_Your goal_
Your output should repeat the entries below exactly. It should contain no images.

============================================================

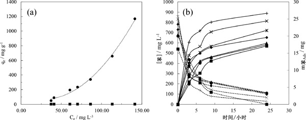 圖3:苯在水和甲醇中的吸附等溫線(xiàn)(a)和苯(b)在0.030L甲醇中不同量的活性炭中的吸附等溫線(xiàn)。左軸甲醇上的苯濃度和右軸活性炭中剩余的苯質(zhì)量。
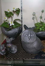 約400年もの伝統がある城島瓦(じょうじまがわら)。その土で瓦職人が遊び心で制作した寄せ植えの鉢やお皿、オブジェなどを展示販売します。
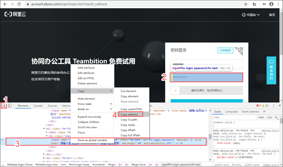 (3)如图,在“开发者工具”里点击最左边的“鼠标箭头图标”,然后把您自己的鼠标移动到填写密码的框那里,此时“开发者工具”的“Elements”会对应标蓝色,在这里右键鼠标,然后选择“Copy”,选择“Copy selector”,然后请回到行云管家网页里粘贴到“代填节点”里;
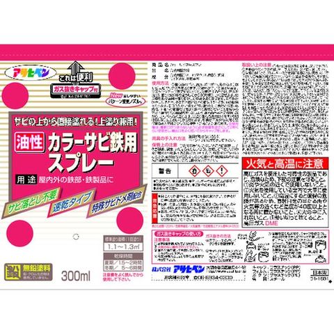 ・サビを落とさずにサビの上から直接塗れます。・サビ止めと上塗りが同時にできる速乾タイプのスプレー塗料です。・シリコンアクリル樹脂が成分なので、耐候性に優れています。
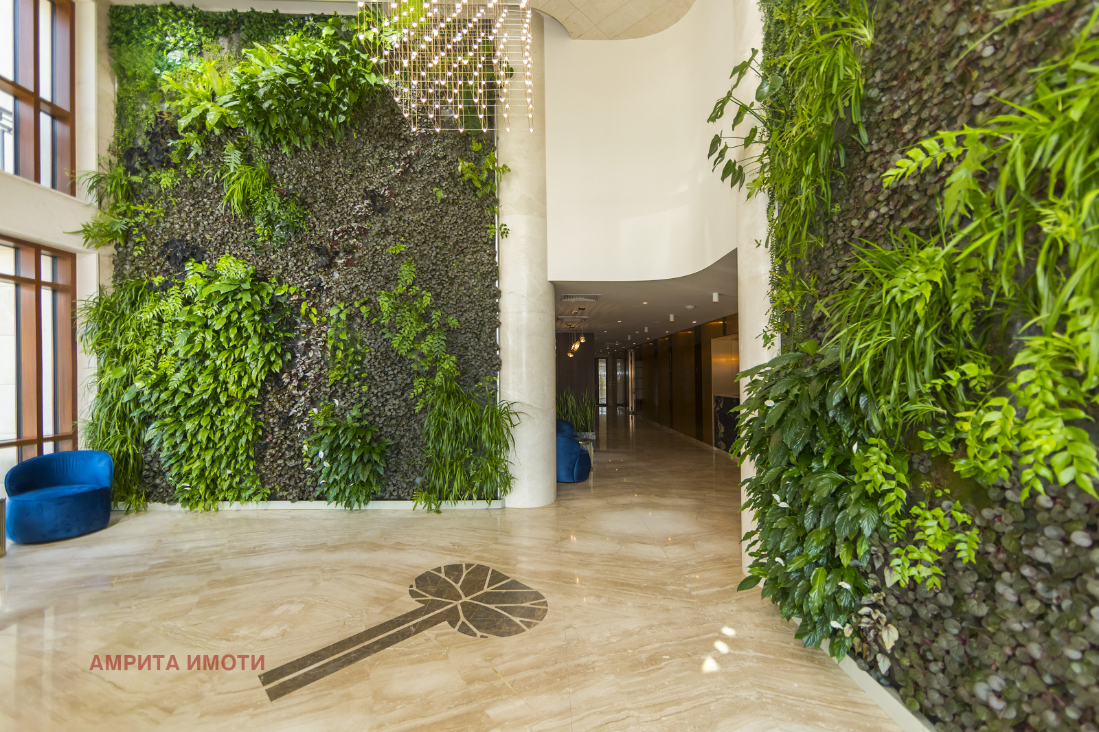 Прекрасно озеленен вътрешен двор с алеи за разходка, релакс зони и модерна детска площадка.
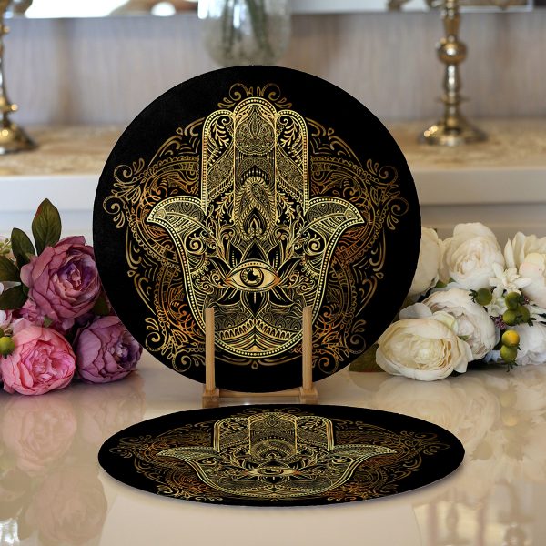 Realhomes Siyah Zeminde Mandala İçinde Gold Fâtımâ’nın Eli Motifli Modern 2’li Yuvarlak Servis Altlığı – Supla

============================================================

_Answer space_
 圖3:苯在水和甲醇中的吸附等溫線(xiàn)(a)和苯(b)在0.030L甲醇中不同量的活性炭中的吸附等溫線(xiàn)。左軸甲醇上的苯濃度和右軸活性炭中剩余的苯質(zhì)量。
 約400年もの伝統がある城島瓦(じょうじまがわら)。その土で瓦職人が遊び心で制作した寄せ植えの鉢やお皿、オブジェなどを展示販売します。
 (3)如图,在“开发者工具”里点击最左边的“鼠标箭头图标”,然后把您自己的鼠标移动到填写密码的框那里,此时“开发者工具”的“Elements”会对应标蓝色,在这里右键鼠标,然后选择“Copy”,选择“Copy selector”,然后请回到行云管家网页里粘贴到“代填节点”里;
 ・サビを落とさずにサビの上から直接塗れます。・サビ止めと上塗りが同時にできる速乾タイプのスプレー塗料です。・シリコンアクリル樹脂が成分なので、耐候性に優れています。
 Прекрасно озеленен вътрешен двор с алеи за разходка, релакс зони и модерна детска площадка.
 Realhomes Siyah Zeminde Mandala İçinde Gold Fâtımâ’nın Eli Motifli Modern 2’li Yuvarlak Servis Altlığı – Supla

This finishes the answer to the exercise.